Work required
Exclude the pictures, then restate exactly each line of the data below from the first through the line containing "Student B:You are".

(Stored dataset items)
+ + + + + + +

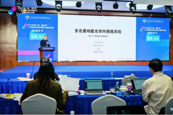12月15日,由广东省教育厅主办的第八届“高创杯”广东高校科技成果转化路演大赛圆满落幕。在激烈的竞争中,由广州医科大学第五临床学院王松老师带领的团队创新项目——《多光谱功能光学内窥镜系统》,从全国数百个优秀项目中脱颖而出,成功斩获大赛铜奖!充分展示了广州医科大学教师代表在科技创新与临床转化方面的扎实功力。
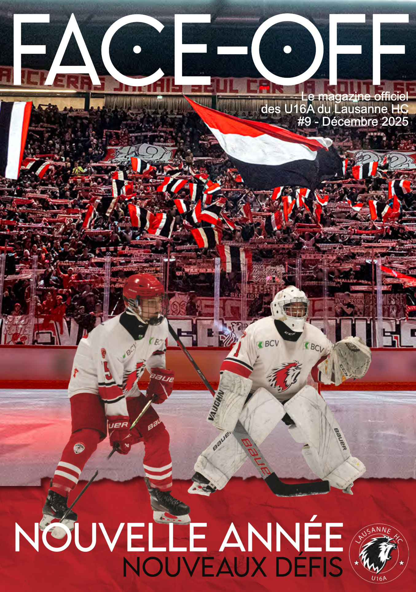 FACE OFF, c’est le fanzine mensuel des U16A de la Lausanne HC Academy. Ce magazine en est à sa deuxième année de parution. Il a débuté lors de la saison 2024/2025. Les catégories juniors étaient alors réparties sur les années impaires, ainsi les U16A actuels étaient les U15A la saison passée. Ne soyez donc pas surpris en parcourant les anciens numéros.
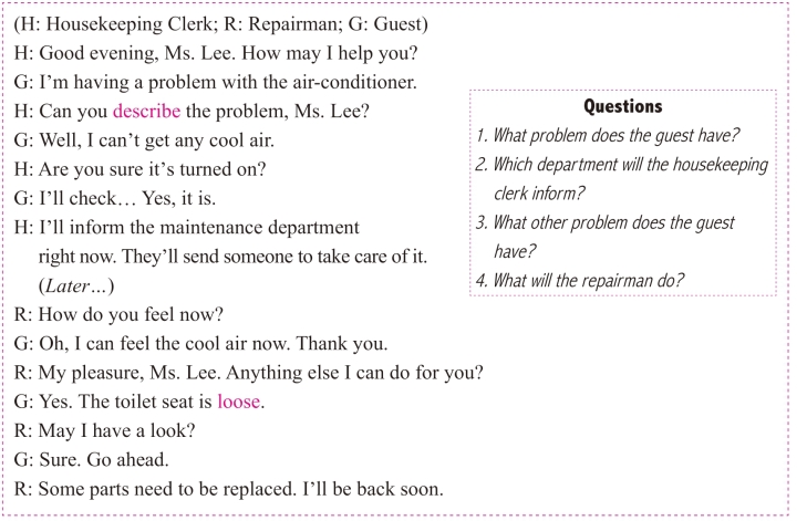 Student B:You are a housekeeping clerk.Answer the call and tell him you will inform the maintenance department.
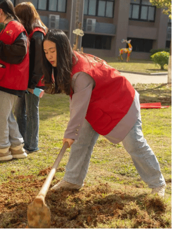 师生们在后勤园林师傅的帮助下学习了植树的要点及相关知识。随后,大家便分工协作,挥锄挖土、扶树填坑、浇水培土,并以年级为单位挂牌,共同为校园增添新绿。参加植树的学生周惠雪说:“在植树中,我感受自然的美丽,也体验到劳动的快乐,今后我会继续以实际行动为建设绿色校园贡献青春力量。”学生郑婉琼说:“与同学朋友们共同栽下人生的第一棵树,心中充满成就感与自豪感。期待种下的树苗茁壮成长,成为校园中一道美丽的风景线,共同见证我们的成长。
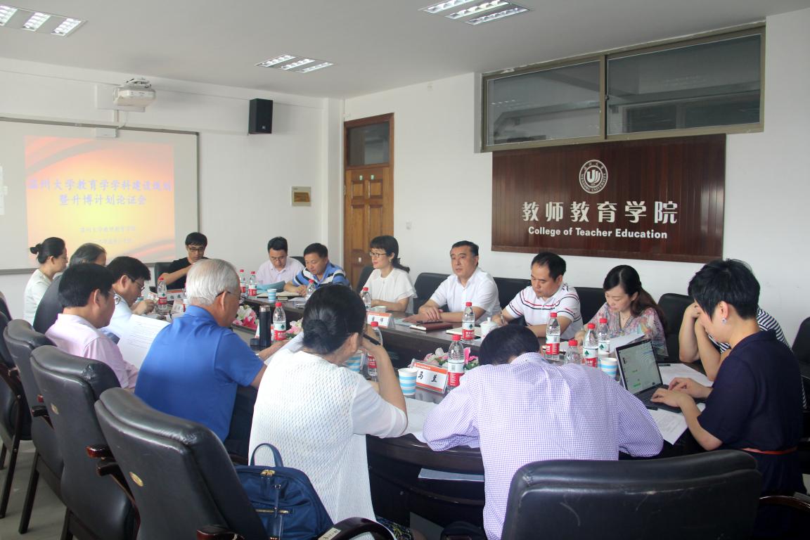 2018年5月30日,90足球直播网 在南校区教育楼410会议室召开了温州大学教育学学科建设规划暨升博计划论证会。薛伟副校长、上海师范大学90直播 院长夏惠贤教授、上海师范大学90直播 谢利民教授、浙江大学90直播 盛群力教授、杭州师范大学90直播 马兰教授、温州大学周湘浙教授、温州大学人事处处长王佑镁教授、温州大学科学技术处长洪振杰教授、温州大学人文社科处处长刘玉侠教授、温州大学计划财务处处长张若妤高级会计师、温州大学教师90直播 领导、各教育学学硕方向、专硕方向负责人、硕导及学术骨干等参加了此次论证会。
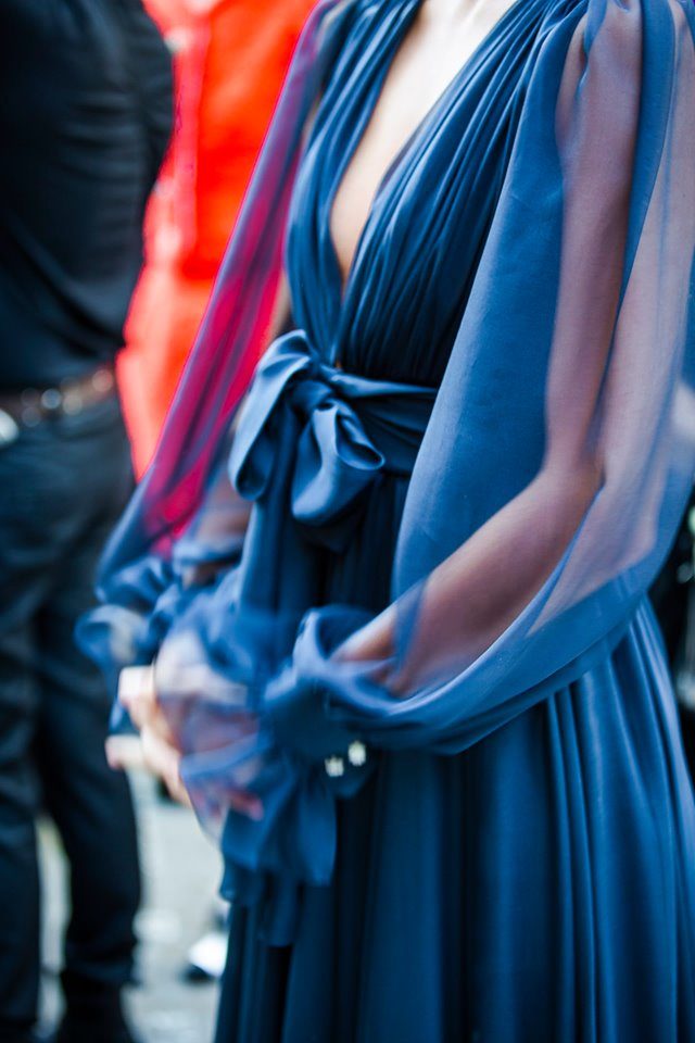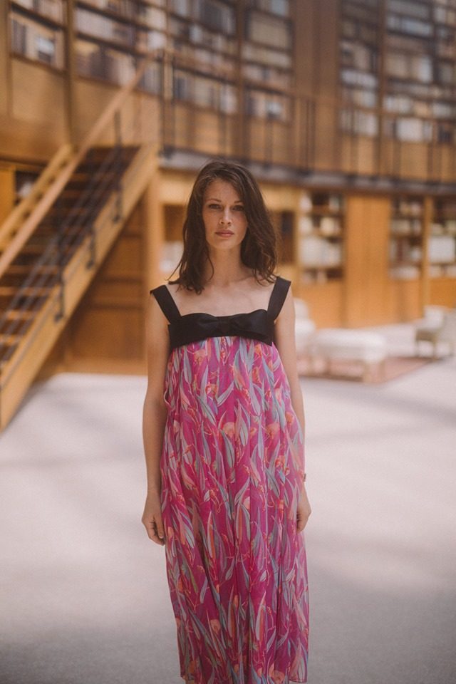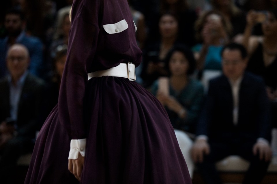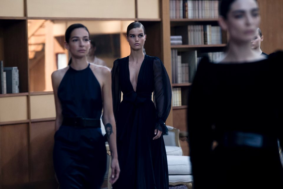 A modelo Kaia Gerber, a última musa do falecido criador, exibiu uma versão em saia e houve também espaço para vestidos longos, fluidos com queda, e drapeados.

+ + + + + + +

Response
12月15日,由广东省教育厅主办的第八届“高创杯”广东高校科技成果转化路演大赛圆满落幕。在激烈的竞争中,由广州医科大学第五临床学院王松老师带领的团队创新项目——《多光谱功能光学内窥镜系统》,从全国数百个优秀项目中脱颖而出,成功斩获大赛铜奖!充分展示了广州医科大学教师代表在科技创新与临床转化方面的扎实功力。
 FACE OFF, c’est le fanzine mensuel des U16A de la Lausanne HC Academy. Ce magazine en est à sa deuxième année de parution. Il a débuté lors de la saison 2024/2025. Les catégories juniors étaient alors réparties sur les années impaires, ainsi les U16A actuels étaient les U15A la saison passée. Ne soyez donc pas surpris en parcourant les anciens numéros.
 Student B:You are a housekeeping clerk.Answer the call and tell him you will inform the maintenance department.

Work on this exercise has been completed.